Introduction: Graphene is flat monolayer of carbon atoms (one atom thick), covalently
bonded to three other atoms in tightly packed two-dimensional (2D) hexagonal single layer stable
crystalline honeycomb lattice structure. In this paper, In-situ amine functionalized exfoliated graphene
with multiple layers (3-6) with low defect contents and average aspect ratio upto 10 microns
(average X and Y dimensions) and thickness upto 2-3 nm (average Z-direction) which have been
produced with the combined effort of chemical vapor deposition (CVD) and chemical graphite exfoliation
Methods: This paper also focuses on the effect of the reinforcement of amine functionalized multiple
graphene layers (AF-MGL) on the mechanical and visco-elastic properties of epoxy composites. AFMGL/
epoxy composites (AF-MGL/EpC) were prepared with graphene fractions ranging from 0.5 to
2.0 wt%. The four different samples were prepared using an amount of graphene as 0.0, 0.5, 1.5, and
2.0. A series of tensile three point bend tests were performed on the different AFMGL/epoxy composites.

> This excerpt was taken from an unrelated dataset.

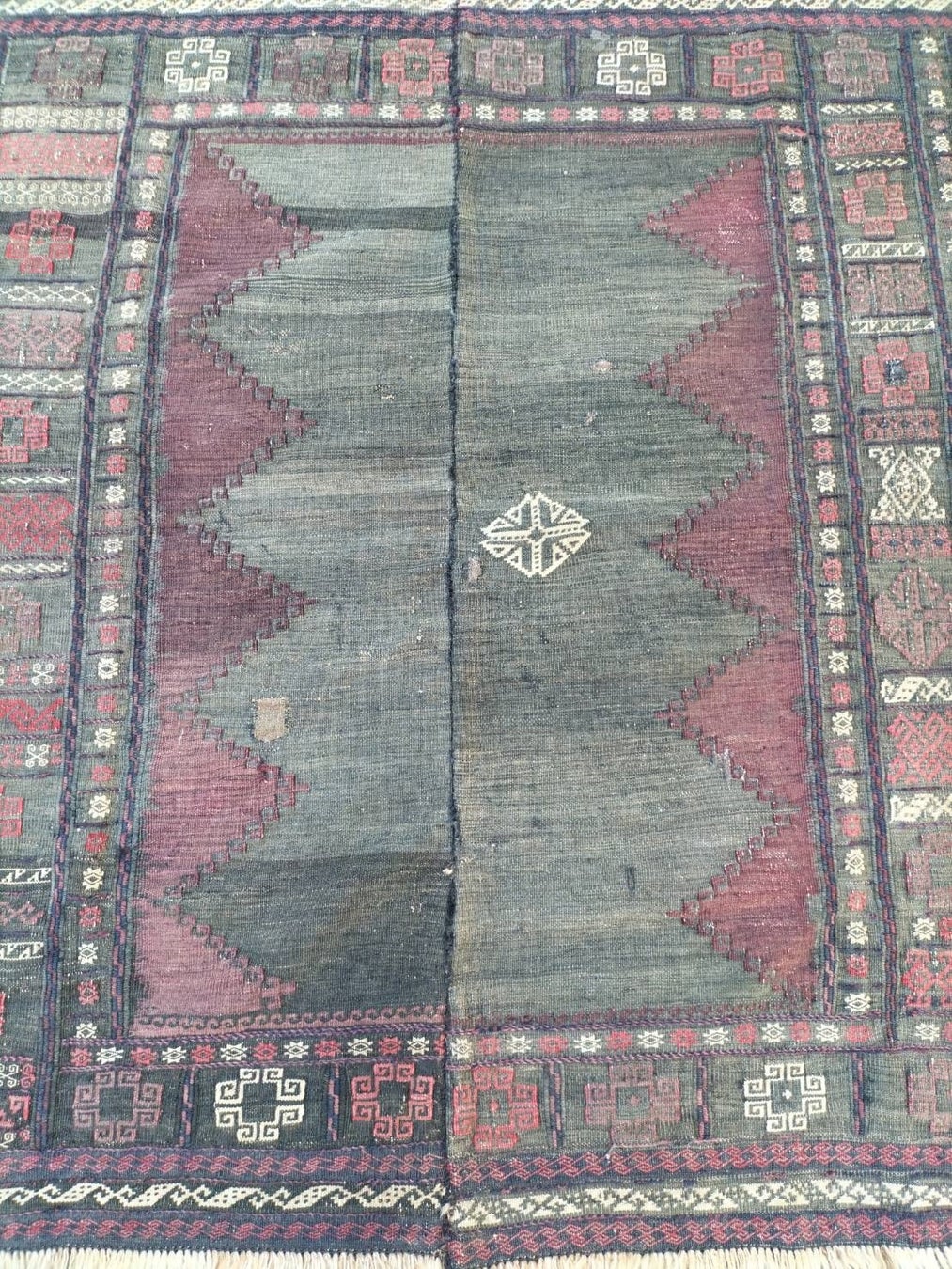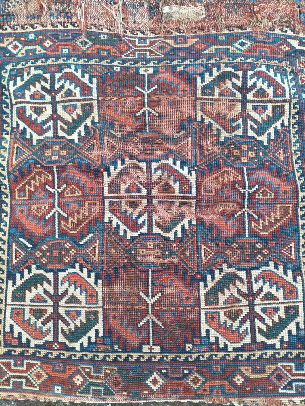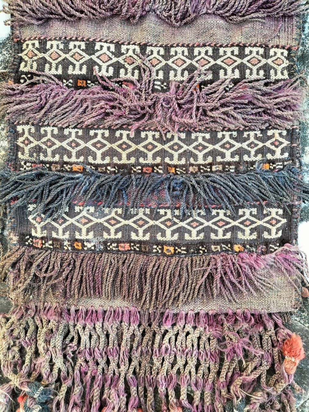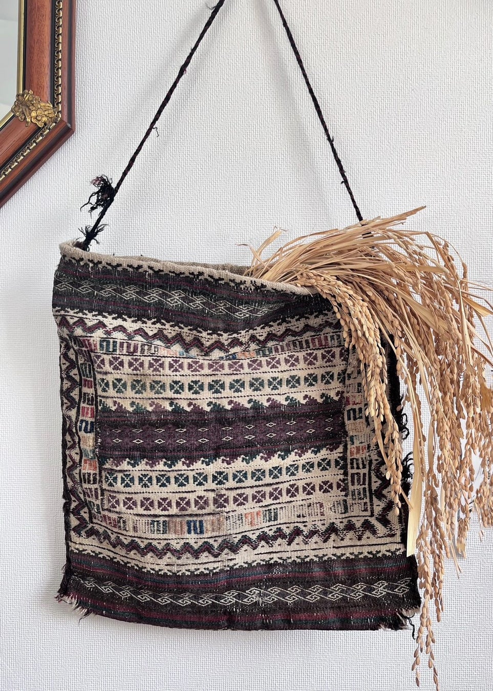 遊牧民は元来移動してのテント生活のため、かさばる家具などは一切持ちません。移動の際は各種の毛織物の袋に家財道具一式を入れ、家畜である馬・ラクダ・ロバ等の鞍上に乗せて運びます。家畜の背中は丸いため、固く角張った木箱や革製の袋では不適ですが、その点毛織物の袋は素直にしなって弾力性もあり、さらには羊毛ならではの吸湿発散性も優れており、鞍掛袋の素材として最適のものでした。そしてその一つ一つの毛織物の道具の中に部族の象徴といえる伝統の文様が織り込まれており、これらは部族や民族集団の権威や独自性を表しています。古来の日本においての旗や家紋のような意味合いに近いかも知れません。遊牧民の生活道具としての様々な毛織物は、過酷な自然の中で遊牧生活を営むために必要な機能を高めるための様々な創意工夫によって完成した機能美・造形美であり、正に必然性から生まれた「用の美」といえるでしょう。

Optical and scanning electron microscopy (SEM) was used to examine the micro structural
features and fractured surfaces of AF-MGL/EpC.
Results: Increased graphene content results in improved tensile strength and the modulus of an epoxy
matrix when compared with the pure epoxy matrix. The 1.5 wt% AF-MGL/EpC showed an increase
in tensile strength and modulus by 50.2 and 52.8% respectively. However, a shrink was noticed
beyond 1.5 wt.% samples of AF-MGL/EpC composite. Moreover, an improvement of 28.8% in
the storage modulus was also recorded when compared with epoxy composites.
Conclusion: The effect of the amine functional group on the mechanical and viscoelastic properties
was also explored using molecular dynamics (MD) simulations and predicted results were then compared
with experimental results.